6. The method for fine-tuning the pre-training language model by fusing the language information in the event extraction according to any one of claims 1 to 5, wherein: the first pre-training language model and the second pre-training language model are the same pre-training language model, or the first pre-training language model and the second pre-training language model adopt different pre-training language models.

7. The method for fine-tuning the pre-training language model by fusing the language information in the event extraction according to any one of claims 1 to 5, wherein: in the step S4, when performing the second fusion, the first group of word representations and the second group of word representations are specifically spliced to obtain a final word representation.

8. The method for fine-tuning the pre-training language model by fusing the language information in the event extraction according to any one of claims 1 to 5, wherein: in an event detection stage, according to the steps S1-S4, first language information is fused in the pre-training language model to obtain a first word distributed representation, and the first word distributed representation is classified to obtain a trigger word event type; in the event element extraction stage, second language information is blended into the pre-training language model according to the steps S1-S4 to obtain a second word distributed representation, and the second word distributed representation is classified to obtain event elements and element roles.

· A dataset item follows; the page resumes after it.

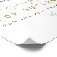 My thoughts on this product was excellent. Well printed in a gloss finishing and just the size l ordered. It arrived in good condition and am overall satisfied with the product. The printing turned out great. I was quite surprised with the finishing touch to the poster. The semi gloss was just right and a perfect size to display at the wedding.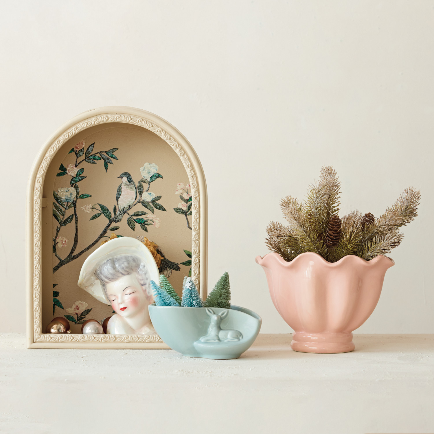 Catalog Name: 6"L x 3"W x 7"H Stoneware Vintage Reproduction Lady w/ Hat Shaped Vase, Iridescent Finish, Multi Color

9. A system for fine-tuning a pre-trained language model by fusing language information in event extraction is characterized by comprising the following steps:

10. A system for fine-tuning a pre-trained language model by fusing language information in event extraction, comprising a processor and a memory, the memory being configured to store a computer program, the processor being configured to execute the computer program, wherein the processor is configured to execute the computer program to perform the method according to any one of claims 1 to 8.